Top 5 movie schools and what sets them apart

I have been to film school three times and am a member of a family where education was given the most respect, obviously I am a fan of being film educated. However, I find it stressful to be “educated”. School is not the only way to be educated, and in some situations, there is no official school to learn important information. Not so little, school is a time-tested successful method for laying a tremendous foundation.

The Big Five

The schools of the Big Five films are The University of California, Los Angeles (UCLA), The University of Southern California (USC) and The American Film Institute (AFI) on the West Coast in Los Angeles, and New York University (NYU) and Comb. University on the East Coast in New York.

UCLA is known for its authors who dominate summer movie screenwriting credits, USC is better known for their powerhouse directors, AFI often has unreliable cinematographers, NYU is known for its East Coast filmmaker style, and Columbia a. Is. Film principle for all applications. Every school you go to on the Big 5 will be an incredible experience for every program. You will also have big-name professionals and heads of big companies who teach courses or speak as guests because of the school’s notoriety. You can’t lose.

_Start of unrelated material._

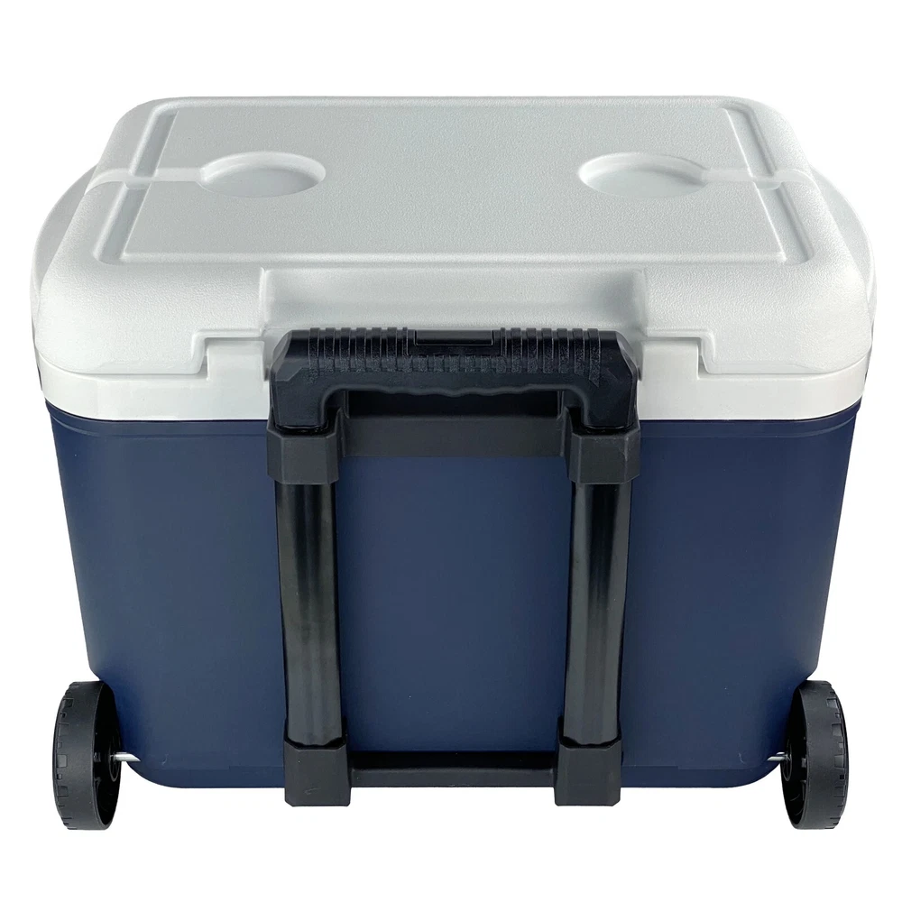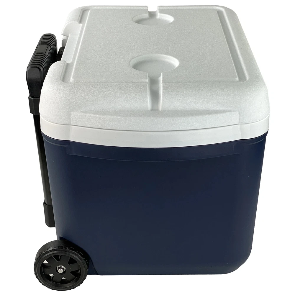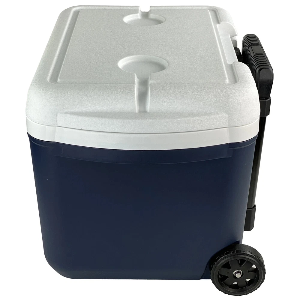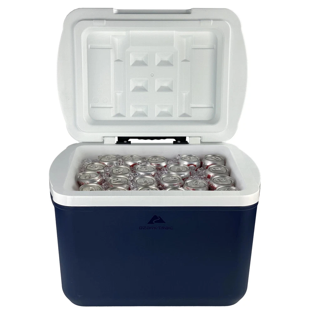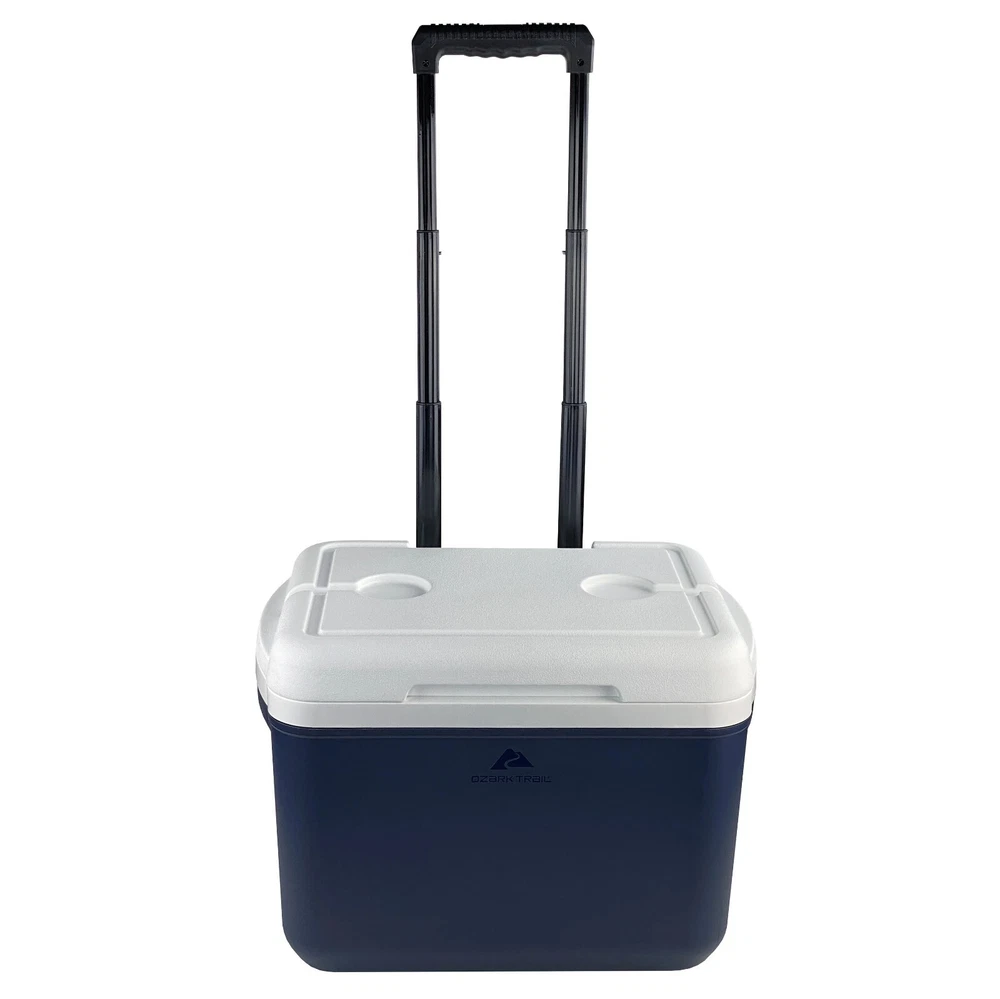 Ozark Trail 30 Quart Hard Side Wheeled Cooler, 42-Can Capacity, Blue Start your adventure outdoors off right with the Ozark Trail 30 Quart hard-side rolling cooler. With a telescopic wheel system, This 30 QT cooler is easy to roll to any event. With thick insulation your snacks and beverages will stay cool until you're ready to enjoy. This cooler features a 28-Liter storage capacity that holds up to 42 (12-oz) cans. Keep your beverages close by with the molded cup holders on the lid of the cooler. This Ozark Trail 30-quart cooler is made with a minimum of 25% post-consumer recycled plastic. Adventure is where memories are made, whether it's campouts in the backyard with the kids, Saturdays at the river with friends, or a week in the wilderness alone. Ozark Trail helps you and your family create everyday adventures with gear and accessories built with you in mind. From backpacks to tents, they're rugged and dependable. Because adventure is not a destination; it's a lifestyle. Ozark Trail 30 Quart Rolling Cooler 42-Can Capacity For best storage results, stack cans in vertically first, then horizontal along the top layer. Apply ice on top until the cooler fills to the top. Telescopic Handle and Wheel System Dual Side Carry Handles Dual molded Lid Cup Holders Made with a minimum of 25% post-consumer recycled plastic Features No features description available Brand Ozark Trail Manufacturer Part Number OT-30Q-US-R Color Blue Assembled Product Weight 7.5 lb Assembled Product Dimensions (L x W x H) 20.00 x 14.10 x 15.11 Inches

The downside of USC is that they run it like a studio. Only 5 people can direct a thesis project if you are a graduate directing student. Every directing student comes to be one of those 5 and then 20 or 30 people don’t get the thesis project at the end, but help the crew on 5 people who thought of making someone’s film. The opposite for USC, again, is that they run it like a studio. USC is often unmatched in its networking capabilities and aggressively markets its students in the industry.

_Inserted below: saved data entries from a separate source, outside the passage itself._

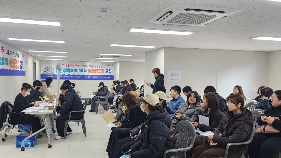 경북 포항시 주거복지센터에서 지난 5~6일 진행된 ‘포항형 천원주택’ 접수 현장. 포항시 제공
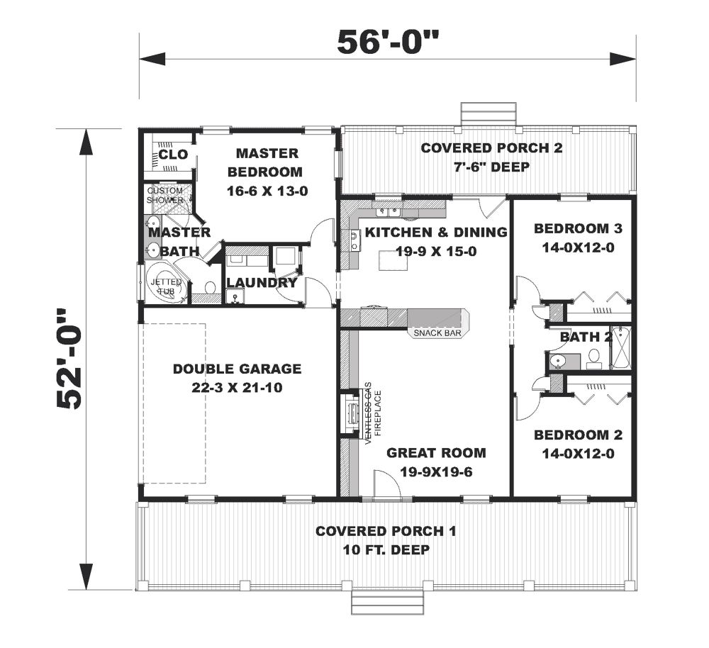 Relax on one of two covered porches, the 10-foot deep front porch or the smaller rear porch located off the Dining area.
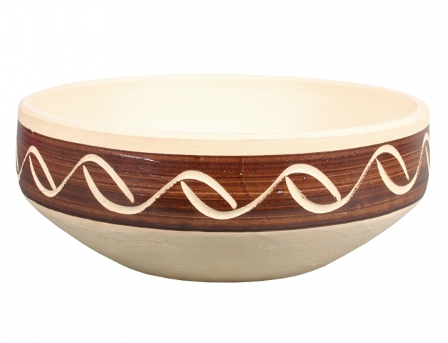 Keramická béžová žardinka s menší základnou, která se poté prudce rozevře až téměř do válce s jemně vystouplým horním okrajem, pod kterým je hnědý glazovaný pruh s vyrytými vlnami až na keramiku ve 3 řadách. Žardinka je vhodná do interiéru i exteriéru. Šířka: 34 cm, výška: 13 cm, hloubka: 34 cm. Vhodnou podmiskou je CAMPANULA, NG 053854hb.
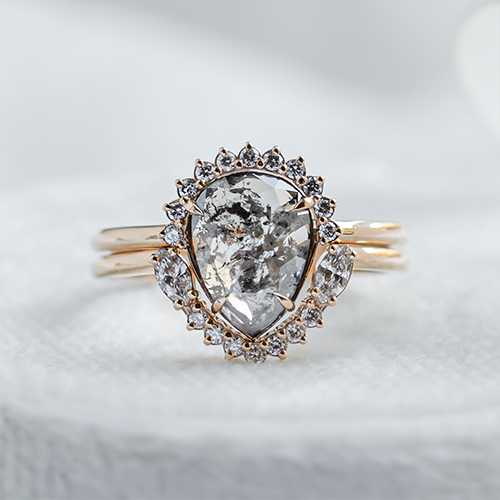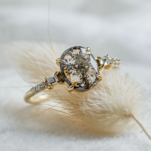 The tiny inclusions make each piece completely unique and their frequency influences the resulting colour. This can range from smoky grey to almost black, which in combination with the clear diamond resembles a starry sky. It's no wonder that salt and pepper are an increasingly common choice for an unconventional engagement ring.

UCLA is best known for its screenwriters. USC may be able to out-network UCLA, but its authors cannot out-write UCLA authors. The average UCLA graduate screenwriting student will go with 8 feature length screenplay. UCLA screenwriters write a feature-length script over a 10-week quarterly, much like a real-life 8-week writing assignment. USC screenwriters will write 1 feature-length screenplay over a 1-year period. You do the math.

The Peter Stark producing program at USC is great for making movie executives, but the UCLA producing program is great for teaching producers everything they need to know to get there and just start doing it.

The AFI is even more hardcore, like the USC’s “only 5 thesis projects will direct.” Not only are there a limited number of thesis projects, not every filmmaker is always invited to come back to school for another year. It’s harder to get into any of these film schools than it is to get into Harvard Law School, because Harvard has a higher percentage of its applicants than a big film school, so for me AFI and USC weren’t really worth cutting. Or you snatch away the chances of winning the lottery already to be accepted after you had already beaten them. Winning the lottery a second time was not desirable.

Other film schools

The second school is Florida State University, which accepts an equal amount of writers, directors, cinematographers and editors to form teams for the thesis project. This seems to make the most since. Temple University in Philadelphia is excellent, and must apply for experimental filmmakers.

But in general, any film program is a great film program as far as you are learning.